Hindi

Hindi is a standardised and Sanskritised register of the Hindustani language. Like other Indo-Aryan languages, Hindi is considered to be a direct descendant of an early form of Sanskrit, through Sauraseni Prakrit and Śauraseni Apabhraṃśa. It has been influenced by Dravidian languages, Turkic languages, Persian, Arabic, Portuguese and English. Hindi emerged as Apabhramsha, a degenerated form of Prakrit, in the 7th century A.D. By the 10th century A.D., it became stable. (Source: Wikipedia)

Corpora

Use CorpusImporter() or browse the CLTK GitHub organization (anything beginning with hindi_) to discover available Hindi corpora.

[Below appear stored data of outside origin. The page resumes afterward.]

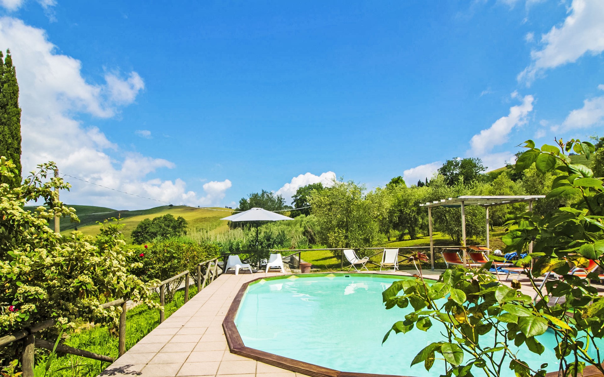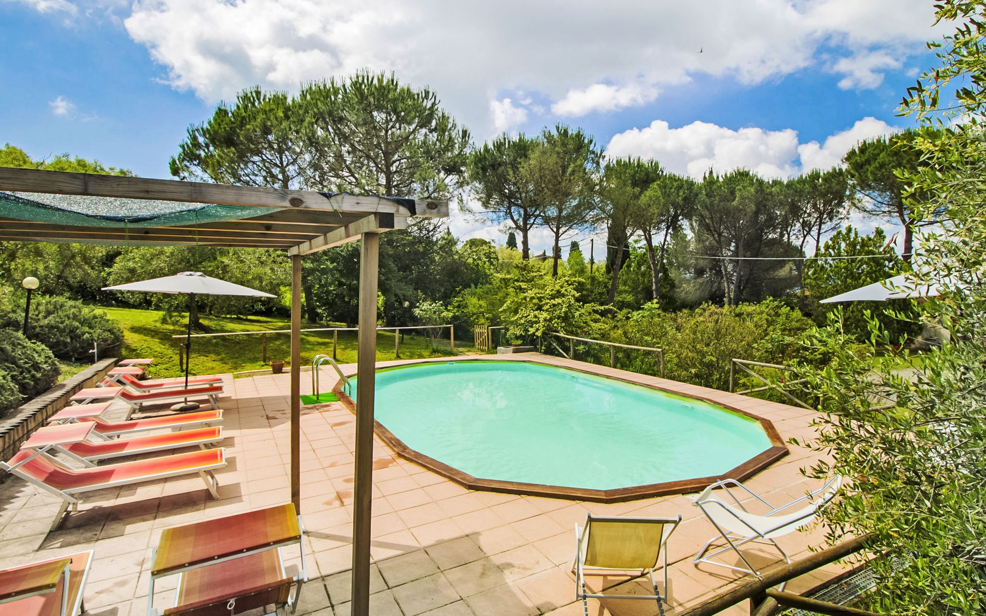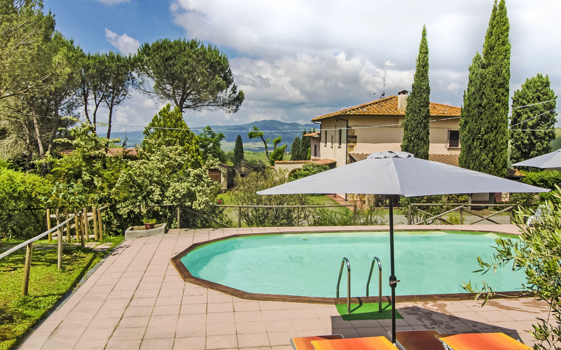 Dank der Nähe zu Volterra ist diese Unterkunft der ideale Ausgangspunkt für einen Urlaub in der Toskana. Freistehender Landsitz "Villa Etrusca". Unterhalb von Volterra, sonnige Lage, im Grünen. Zur Alleinbenutzung: Naturgarten, Schwimmbad (5 x 10 m, 130 cm tief, saisonale Verfügbarkeit: 07.Mai. - 17.Sep.). Aussendusche, Sitzplatz, Gartenmöbel, Grillhaus. Im Hause: Internetzugang. Supermarkt 5 km, Restaurant 2 km, Bushaltestelle 1.5 km, Sandstrand "Cecina" 50 km. Reitstall 5 km. Nahe gelegene Sehenswürdigkeiten: Pisa, San Gimignano, Siena. Das Haus ist von einem natürlichen Garten mit Bäumen umgeben, die einen schattigen Bereich bieten. Sie können draussen, auf der schönen grossen Loggia, mit der Aussicht auf das Schwimmbad, Ihr Essen geniessen.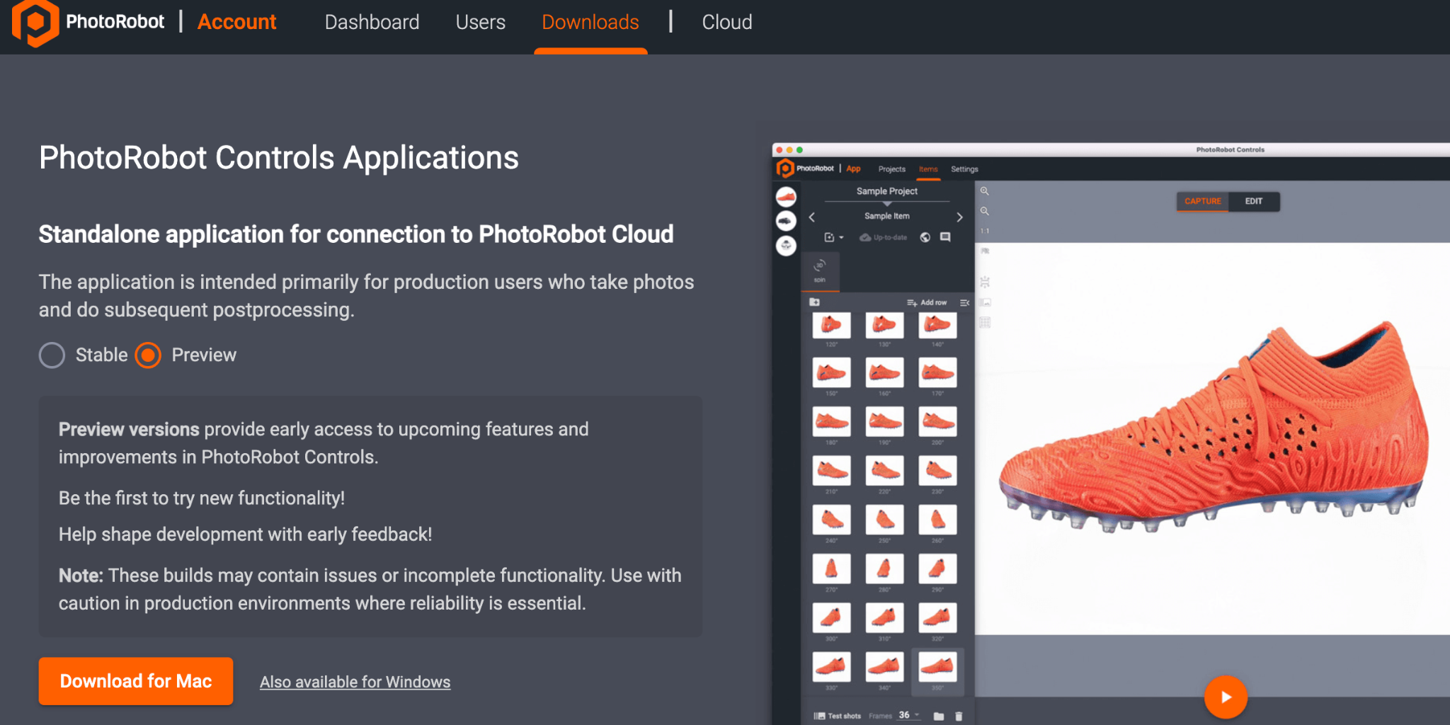 To install PhotoRobot Controls App on your computer, log in to your PhotoRobot Account and go to PhotoRobot Downloads.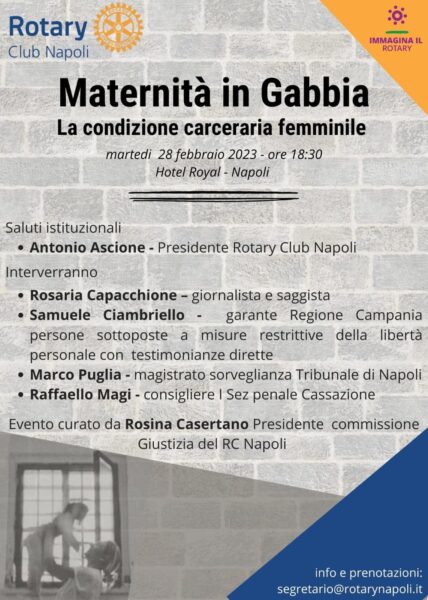 Maternità in gabbia è un evento curato da Rosina Casertano, avvocato cassazionista e presidente commissione giustizia Rotary Napoli. Si terrà domani martedì 28 febbraio alle ore 18.30 all’Hotel Royal.

In [1]: from cltk.corpus.utils.importer import CorpusImporter

In [2]: c = CorpusImporter('hindi')

In [3]: c.list_corpora
Out[3]:
['hindi_text_ltrc']

Stopword Filtering

To use the CLTK’s built-in stopwords list:

In [1]: from cltk.stop.classical_hindi.stops import STOPS_LIST

In [2]: print(STOPS_LIST[:5])
Out[2]: ["हें", "है", "हैं", "हि", "ही"]

Swadesh

The corpus module has a class for generating a Swadesh list for classical hindi.

In [1]: from cltk.corpus.swadesh import Swadesh

In [2]: swadesh = Swadesh('hi')

In [3]: swadesh.words()[:10]
Out[3]: ['मैं', 'तू', 'वह', 'हम', 'तुम', 'वे', 'यह', 'वह', 'यहाँ', 'वहाँ' ]

Tokenizer

This tool can break a sentence into its constituent words. It simply splits the text into tokens of words and punctuations.

In [1]: from cltk.tokenize.sentence import TokenizeSentence

In [2]: import os

In [3]: root = os.path.expanduser('~')

In [4]: hindi_corpus = os.path.join(root,'cltk_data/hindi/text/hindi_text_ltrc')

In [5]: hindi_text_path = os.path.join(hindi_corpus, 'miscellaneous/gandhi/main.txt')

In [6]: hindi_text = open(hindi_text_path,'r').read()

In [7]: tokenizer = TokenizeSentence('hindi')

In [8]: hindi_text_tokenize = tokenizer.tokenize(hindi_text)

In [9]: print(hindi_text_tokenize[0:100])
['10्र', 'प्रति', 'ा', 'वापस', 'नहीं', 'ली', 'जातीएक', 'बार', 'कस्तुरबा', 'गांधी', 'बहुत', 'बीमार', 'हो', 'गईं', '।', 'जलर्', 'चिकित्सा', 'से', 'उन्हें', 'कोई', 'लाभ', 'नहीं', 'हुआ', '।', 'दूसरे', 'उपचार', 'किये', 'गये', '।', 'उनमे', 'भी', 'सफलता', 'नहीं', 'मिली', '।', 'अंत', 'में', 'गांधीजी', 'ने', 'उन्हें', 'नमक', 'और', 'दाल', 'छोडने', 'की', 'सलाह', 'दी', '।', 'परन्तु', 'इसके', 'लिए', 'बा', 'तैयार', 'नहीं', 'हुईं', '।', 'गांधीजी', 'ने', 'बहुत', 'समझाया', '.', 'पोथियों', 'से', 'प्रमाण', 'पढकर', 'सुनाये', '.', 'लेकर', 'सब', 'व्यर्थ', '।', 'बा', 'बोलीं', '.', '"', 'कोई', 'आपसे', 'कहे', 'कि', 'दाल', 'और', 'नमक', 'छोड', 'दो', 'तो', 'आप', 'भी', 'नहीं', 'छोडेंगे', '।', '"', 'गांधीजी', 'ने', 'तुरन्त', 'प्रसÙ', 'होकर', 'कहा', '.', '"', 'तुम']